The virtual studio, y’see, doesn’t just serve one network. They’s the local San Diego contact point for any national cable show that needs a live remote guest hookup. The cameraman told me they’d done Larry King there, they did a bunch for Fox News there, and the other folks. In fact, I realized, I was sitting in the same chair Sean Hannity had been sitting in a week or so ago, when I’d seen him sitting against the same pull-down San Diego night time skyline background I was now sitting in front of.

At least on Fox (I don’t know about other networks) the attitude toward the pope’s passing has, overall, been respectful and wanting to celebrate the holy father and many of the things he’s done, even though they do want to ask those "probing" politically-oriented questions.

They got me wired up with a mic and an earpiece and I listened as various folks in New York talked to me, asked me questions (usually whether I could hear them), and handed me electronically from one department to another while we waited for the segment I was to be on to roll around.

It did. I got asked several questions by the host, who also talked to Tim Gray by phone. (You mean I could have stayed home and phoned this in instead of coming down after midnight???) I got asked one question I particularly wanted to be asked (the gist of which was "Is the pope a hidebound conservative?", letting me have the opportunity to contrast what is essential from non-essential in the faith and characterizing John Paul II’s approach as "faithful openness").

And then it was all over.

The cameraman unhooked me, signed off to New York, I called the limo driver to come pick me up, and a few minutes later I was on my way home.

The limo guy was particularly jazzed by the whole experience. He’d gone back to headquarters while I was waiting to go on the air and he caught my segment on TV. He thought I came across as very calm and in control of what I wanted to say. He had known I was going to be on TV, but something about seeing it make it click for him, and I was tickled at how excited he was afterward. Said getting to meet a "celebrity" had made his night.

I just chuckled at that and rolled my eyes in the dark.

But the experience brought back memories of Action News!

Sin City

A reader writes:

Dear Jimmy,

This has been a rough day in a rough week and the news from the Vatican has me totally bummed out. What to do? I had a spare moment and thought that a little distraction would help. I like Bruce Willis. I like Tarantino. I decided to see Sin City.

This movie is one of the worst things to see with the eyes. It is very anti-establishment and has some real over-the-top anti-Catholic moments in it as well.

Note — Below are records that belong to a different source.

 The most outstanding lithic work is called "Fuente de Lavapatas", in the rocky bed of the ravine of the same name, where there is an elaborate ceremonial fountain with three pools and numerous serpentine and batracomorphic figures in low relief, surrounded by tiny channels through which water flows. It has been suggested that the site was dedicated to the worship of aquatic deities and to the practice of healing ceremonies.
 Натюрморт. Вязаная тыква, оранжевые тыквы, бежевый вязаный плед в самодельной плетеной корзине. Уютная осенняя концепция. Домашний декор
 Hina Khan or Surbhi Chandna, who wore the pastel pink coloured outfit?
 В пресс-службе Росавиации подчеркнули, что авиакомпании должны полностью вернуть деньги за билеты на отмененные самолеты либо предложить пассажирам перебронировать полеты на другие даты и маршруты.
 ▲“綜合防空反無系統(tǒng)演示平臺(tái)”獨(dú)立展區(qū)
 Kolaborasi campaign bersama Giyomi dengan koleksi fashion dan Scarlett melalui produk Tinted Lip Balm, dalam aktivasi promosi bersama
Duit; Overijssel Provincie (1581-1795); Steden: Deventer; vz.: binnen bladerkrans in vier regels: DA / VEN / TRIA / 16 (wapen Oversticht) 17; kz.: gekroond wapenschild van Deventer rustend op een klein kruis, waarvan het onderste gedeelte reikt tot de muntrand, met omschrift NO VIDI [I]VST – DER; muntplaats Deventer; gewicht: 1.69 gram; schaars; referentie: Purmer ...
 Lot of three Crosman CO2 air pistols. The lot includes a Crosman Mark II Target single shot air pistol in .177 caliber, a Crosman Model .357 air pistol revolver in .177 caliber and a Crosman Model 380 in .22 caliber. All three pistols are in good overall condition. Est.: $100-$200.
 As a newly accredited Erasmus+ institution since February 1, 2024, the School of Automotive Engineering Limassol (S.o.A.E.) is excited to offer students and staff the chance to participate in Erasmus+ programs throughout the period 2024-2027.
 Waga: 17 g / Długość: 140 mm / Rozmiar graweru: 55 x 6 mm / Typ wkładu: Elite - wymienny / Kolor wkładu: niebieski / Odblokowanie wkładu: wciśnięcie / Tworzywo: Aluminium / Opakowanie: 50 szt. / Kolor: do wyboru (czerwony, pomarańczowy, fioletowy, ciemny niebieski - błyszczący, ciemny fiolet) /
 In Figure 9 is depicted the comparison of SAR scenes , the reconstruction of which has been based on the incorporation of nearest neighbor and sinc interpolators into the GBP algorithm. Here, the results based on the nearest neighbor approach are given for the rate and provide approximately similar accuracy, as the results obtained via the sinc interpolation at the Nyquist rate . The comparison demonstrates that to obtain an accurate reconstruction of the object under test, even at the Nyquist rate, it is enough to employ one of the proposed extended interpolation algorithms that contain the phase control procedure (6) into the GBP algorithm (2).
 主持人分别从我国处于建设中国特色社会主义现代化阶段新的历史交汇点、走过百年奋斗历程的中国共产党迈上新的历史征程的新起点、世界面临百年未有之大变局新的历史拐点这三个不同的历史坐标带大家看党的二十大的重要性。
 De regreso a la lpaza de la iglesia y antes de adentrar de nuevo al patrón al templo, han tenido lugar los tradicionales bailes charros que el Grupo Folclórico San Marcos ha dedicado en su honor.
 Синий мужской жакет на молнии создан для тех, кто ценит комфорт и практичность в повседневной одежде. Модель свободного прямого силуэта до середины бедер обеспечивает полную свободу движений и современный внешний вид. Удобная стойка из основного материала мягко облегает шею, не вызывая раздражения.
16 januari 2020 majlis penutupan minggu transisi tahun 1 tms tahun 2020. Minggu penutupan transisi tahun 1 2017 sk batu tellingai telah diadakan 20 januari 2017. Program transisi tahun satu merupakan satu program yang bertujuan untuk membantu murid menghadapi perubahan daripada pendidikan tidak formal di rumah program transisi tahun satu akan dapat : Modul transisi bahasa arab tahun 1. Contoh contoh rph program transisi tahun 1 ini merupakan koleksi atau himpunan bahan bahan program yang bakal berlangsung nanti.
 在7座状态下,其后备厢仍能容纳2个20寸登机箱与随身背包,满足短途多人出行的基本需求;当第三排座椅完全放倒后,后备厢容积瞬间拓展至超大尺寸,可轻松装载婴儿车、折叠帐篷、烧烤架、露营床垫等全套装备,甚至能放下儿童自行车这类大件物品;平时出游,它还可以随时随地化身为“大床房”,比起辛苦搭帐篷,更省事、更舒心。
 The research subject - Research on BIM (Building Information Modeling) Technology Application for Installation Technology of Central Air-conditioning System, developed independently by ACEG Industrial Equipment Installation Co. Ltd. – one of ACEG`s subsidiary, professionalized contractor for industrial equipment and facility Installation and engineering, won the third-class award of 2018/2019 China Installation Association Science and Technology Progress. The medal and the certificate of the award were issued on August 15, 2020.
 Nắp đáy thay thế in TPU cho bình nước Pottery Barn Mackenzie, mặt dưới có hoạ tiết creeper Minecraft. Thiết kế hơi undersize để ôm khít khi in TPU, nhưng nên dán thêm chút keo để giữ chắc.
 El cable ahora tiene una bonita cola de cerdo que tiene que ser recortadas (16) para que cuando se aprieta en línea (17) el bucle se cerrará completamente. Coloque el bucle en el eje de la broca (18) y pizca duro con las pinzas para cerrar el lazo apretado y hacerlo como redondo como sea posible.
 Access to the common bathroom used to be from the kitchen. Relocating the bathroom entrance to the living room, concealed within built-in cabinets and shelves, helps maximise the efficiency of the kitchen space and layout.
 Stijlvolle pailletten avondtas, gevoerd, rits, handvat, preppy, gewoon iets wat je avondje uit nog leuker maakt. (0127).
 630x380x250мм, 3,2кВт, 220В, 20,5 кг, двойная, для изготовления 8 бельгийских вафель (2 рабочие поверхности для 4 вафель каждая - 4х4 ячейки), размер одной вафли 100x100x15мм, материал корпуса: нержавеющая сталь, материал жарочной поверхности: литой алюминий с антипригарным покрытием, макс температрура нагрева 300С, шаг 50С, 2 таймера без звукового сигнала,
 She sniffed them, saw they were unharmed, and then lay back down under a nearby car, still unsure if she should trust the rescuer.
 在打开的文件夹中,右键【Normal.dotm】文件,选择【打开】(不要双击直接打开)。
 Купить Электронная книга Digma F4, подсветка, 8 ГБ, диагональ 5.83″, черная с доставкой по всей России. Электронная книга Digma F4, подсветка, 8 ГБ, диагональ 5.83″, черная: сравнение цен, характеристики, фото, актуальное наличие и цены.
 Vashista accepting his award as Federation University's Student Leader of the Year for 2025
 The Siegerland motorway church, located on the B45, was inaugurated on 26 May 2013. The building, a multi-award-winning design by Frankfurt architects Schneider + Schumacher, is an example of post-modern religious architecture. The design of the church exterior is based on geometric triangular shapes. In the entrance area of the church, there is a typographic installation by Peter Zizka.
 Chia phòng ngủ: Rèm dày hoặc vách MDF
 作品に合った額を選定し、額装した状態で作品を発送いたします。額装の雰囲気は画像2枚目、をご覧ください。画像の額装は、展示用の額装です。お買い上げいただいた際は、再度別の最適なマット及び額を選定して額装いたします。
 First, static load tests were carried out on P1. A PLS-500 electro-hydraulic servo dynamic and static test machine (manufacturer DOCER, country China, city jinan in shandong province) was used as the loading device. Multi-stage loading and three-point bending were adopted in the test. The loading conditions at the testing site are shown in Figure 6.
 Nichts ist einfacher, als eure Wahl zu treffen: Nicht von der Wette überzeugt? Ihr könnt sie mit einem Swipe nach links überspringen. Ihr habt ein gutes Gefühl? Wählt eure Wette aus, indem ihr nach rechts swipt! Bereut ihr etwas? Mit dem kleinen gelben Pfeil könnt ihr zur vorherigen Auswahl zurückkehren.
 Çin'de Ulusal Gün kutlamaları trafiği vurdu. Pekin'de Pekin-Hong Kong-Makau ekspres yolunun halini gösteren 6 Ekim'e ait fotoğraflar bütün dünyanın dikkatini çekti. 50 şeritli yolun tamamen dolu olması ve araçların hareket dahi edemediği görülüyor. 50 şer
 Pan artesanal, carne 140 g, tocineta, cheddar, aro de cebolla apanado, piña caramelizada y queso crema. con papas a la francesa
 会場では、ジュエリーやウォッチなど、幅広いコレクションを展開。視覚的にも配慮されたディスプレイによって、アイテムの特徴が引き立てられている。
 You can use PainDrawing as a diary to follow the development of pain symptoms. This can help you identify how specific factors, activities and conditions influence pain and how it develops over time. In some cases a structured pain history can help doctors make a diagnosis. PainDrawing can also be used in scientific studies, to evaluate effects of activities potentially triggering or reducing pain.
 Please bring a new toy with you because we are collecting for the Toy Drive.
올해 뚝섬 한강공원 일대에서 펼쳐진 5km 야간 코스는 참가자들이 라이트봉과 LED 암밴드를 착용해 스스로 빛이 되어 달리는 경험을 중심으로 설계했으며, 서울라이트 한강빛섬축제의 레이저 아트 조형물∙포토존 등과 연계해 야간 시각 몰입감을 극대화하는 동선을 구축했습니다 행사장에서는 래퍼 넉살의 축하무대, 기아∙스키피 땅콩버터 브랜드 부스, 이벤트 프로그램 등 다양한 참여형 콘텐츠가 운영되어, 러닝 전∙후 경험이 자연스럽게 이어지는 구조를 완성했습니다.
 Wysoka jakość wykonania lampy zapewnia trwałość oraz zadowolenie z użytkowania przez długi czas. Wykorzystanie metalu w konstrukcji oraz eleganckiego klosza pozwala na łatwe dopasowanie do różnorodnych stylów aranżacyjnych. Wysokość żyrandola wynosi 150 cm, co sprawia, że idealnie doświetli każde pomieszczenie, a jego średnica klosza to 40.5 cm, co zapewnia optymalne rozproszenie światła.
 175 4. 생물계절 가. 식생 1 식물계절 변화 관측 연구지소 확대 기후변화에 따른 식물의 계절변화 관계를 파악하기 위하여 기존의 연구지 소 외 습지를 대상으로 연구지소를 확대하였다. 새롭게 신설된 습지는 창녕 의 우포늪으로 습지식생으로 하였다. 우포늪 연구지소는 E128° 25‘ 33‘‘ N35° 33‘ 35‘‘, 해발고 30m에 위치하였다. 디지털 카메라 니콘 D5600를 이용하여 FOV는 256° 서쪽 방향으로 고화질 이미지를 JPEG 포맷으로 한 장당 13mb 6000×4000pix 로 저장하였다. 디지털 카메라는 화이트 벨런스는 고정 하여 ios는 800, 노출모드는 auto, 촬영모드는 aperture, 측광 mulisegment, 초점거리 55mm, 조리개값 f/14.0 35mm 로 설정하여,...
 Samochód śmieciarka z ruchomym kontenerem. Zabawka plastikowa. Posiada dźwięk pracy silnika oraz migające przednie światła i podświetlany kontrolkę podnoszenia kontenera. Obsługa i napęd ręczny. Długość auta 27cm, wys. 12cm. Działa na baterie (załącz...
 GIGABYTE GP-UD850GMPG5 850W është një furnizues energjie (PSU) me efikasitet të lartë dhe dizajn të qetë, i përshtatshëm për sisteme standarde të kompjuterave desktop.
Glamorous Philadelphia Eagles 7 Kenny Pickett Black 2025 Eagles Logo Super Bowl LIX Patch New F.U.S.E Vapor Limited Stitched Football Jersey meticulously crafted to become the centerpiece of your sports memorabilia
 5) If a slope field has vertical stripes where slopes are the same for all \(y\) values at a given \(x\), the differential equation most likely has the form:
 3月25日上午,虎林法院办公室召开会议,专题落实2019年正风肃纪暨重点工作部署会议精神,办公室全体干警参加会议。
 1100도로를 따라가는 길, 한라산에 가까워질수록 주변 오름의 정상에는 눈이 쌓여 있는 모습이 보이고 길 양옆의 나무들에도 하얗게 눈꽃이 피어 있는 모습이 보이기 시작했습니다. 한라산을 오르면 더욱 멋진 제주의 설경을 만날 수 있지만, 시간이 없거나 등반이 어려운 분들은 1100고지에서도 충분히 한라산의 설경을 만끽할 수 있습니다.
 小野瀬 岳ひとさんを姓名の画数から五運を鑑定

It sickens me that in this time of crisis, I cannot go to a simple movie without being blasted by the hatred of some adolescent mind.

Anywho, my advice: do not see this fifty-pound monkey that sits on your head relentlessly banging it … I mean, movie.

Sin Cerely,
Namewithheld

A thought: I don’t know what movies are playing right now, but one can still see movies that aren’t Evil. May I suggest The Incredibles (just out on DVD)? It’s InconceivableIncredible!

Thanks for the warning about fifty-pound monkeysmovies!

Papal Update Links

A reader writes:

Would you please advise us to any reputable links to keep us updated on the Pope’s condition?

I’m afraid that I don’t know of anything that will give up-to-the-moment updates from a reliable Catholic perspective, so let me make several recommendations that may serve together:

CATHOLIC WORLD NEWS

A GOOGLE NEWS SEARCH CONFIGURED FOR THE MOST RECENT STORIES FEATURING THE WORDS "POPE" AND "DIED."

And your humble blog.

Incidentally, here’s TODAY’S SHOW ON CATHOLIC ANSWERS LIVE, which was devoted to the topic (LISTENDOWNLOAD).

Also, it looks as if I may be appearing on Fox News between 4:30 and 5:30 5-6 a.m. Eastern for the few who might be up then or want to tape it.

Likely the first of a number of media appearances for Catholic Answers folks in coming days, though we’ll have to see.